PROBLEM
The answer is the exact run of lines in the listing below from the line containing "Domingo 20/11 |" up to and including the line containing "From left: Mark", with pictures removed.

DATA

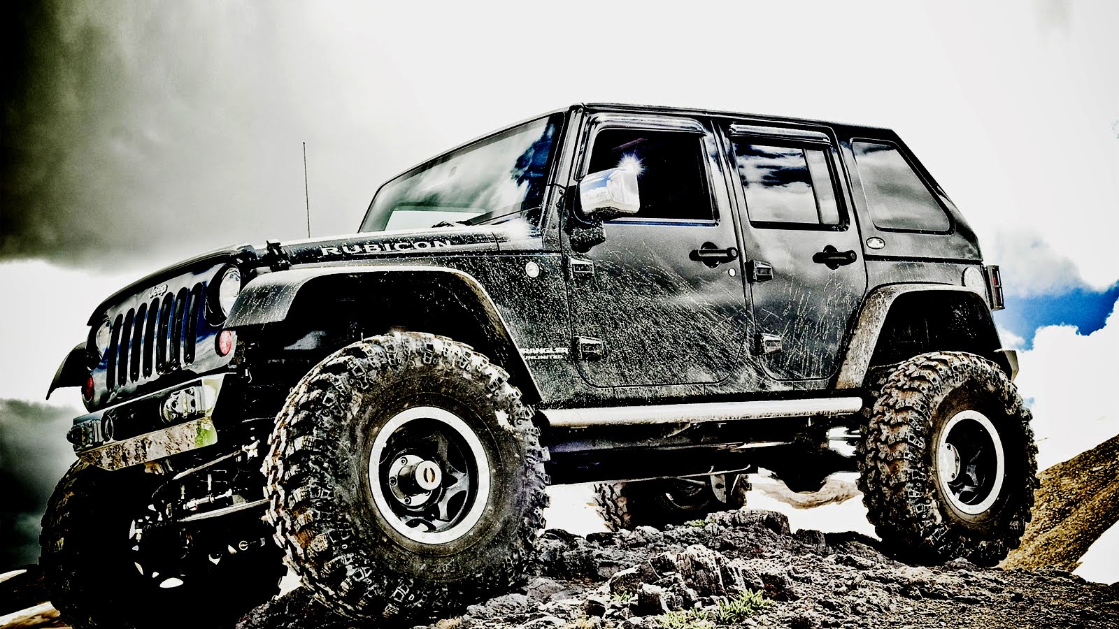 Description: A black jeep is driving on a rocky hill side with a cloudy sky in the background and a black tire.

* * *

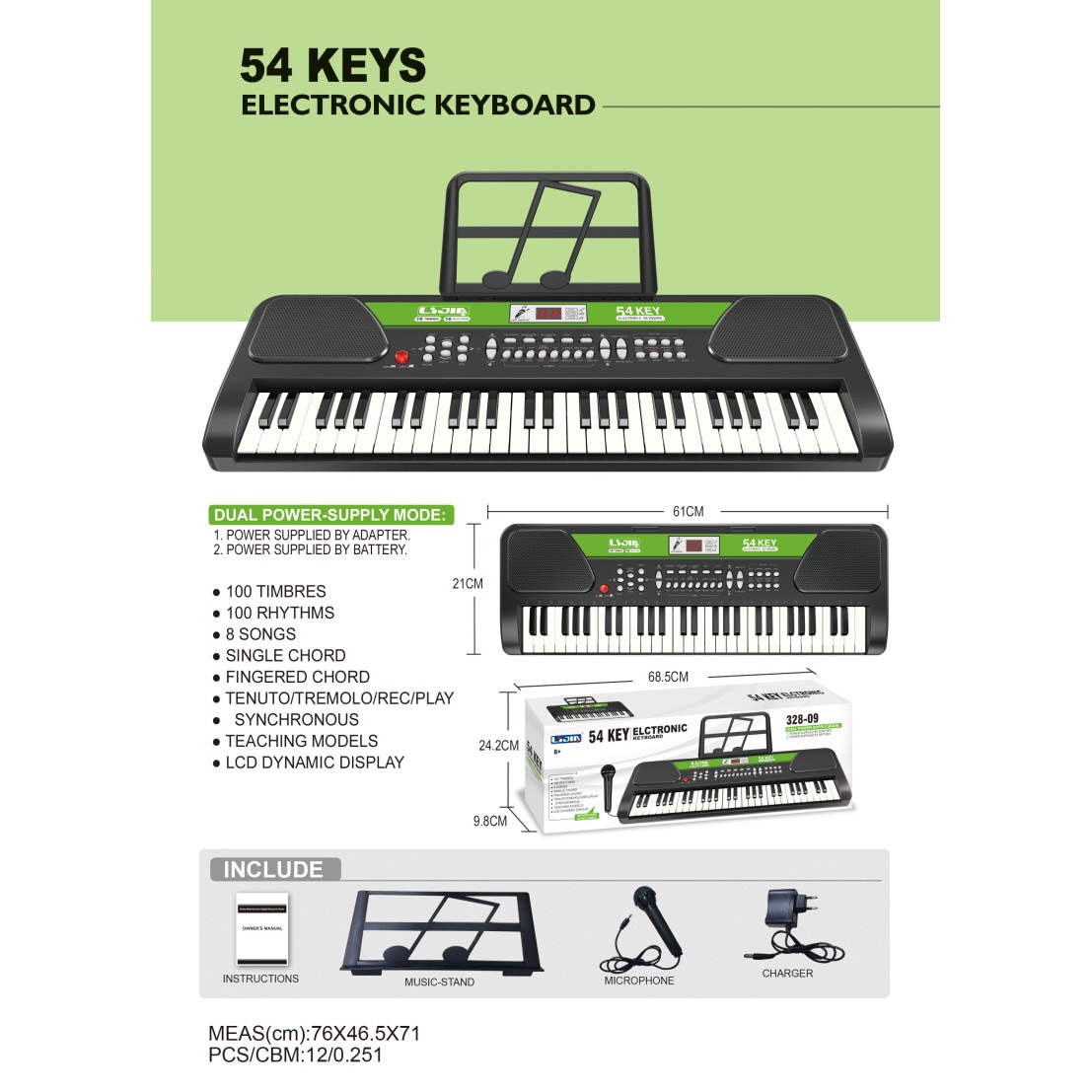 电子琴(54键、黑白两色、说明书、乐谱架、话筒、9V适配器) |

==

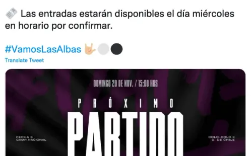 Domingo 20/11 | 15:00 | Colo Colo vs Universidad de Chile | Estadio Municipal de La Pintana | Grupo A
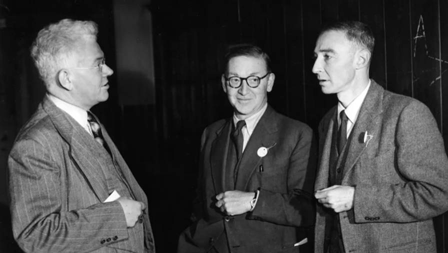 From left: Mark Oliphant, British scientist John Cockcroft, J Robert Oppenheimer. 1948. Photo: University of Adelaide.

TASK RESULT
 Domingo 20/11 | 15:00 | Colo Colo vs Universidad de Chile | Estadio Municipal de La Pintana | Grupo A
 From left: Mark Oliphant, British scientist John Cockcroft, J Robert Oppenheimer. 1948. Photo: University of Adelaide.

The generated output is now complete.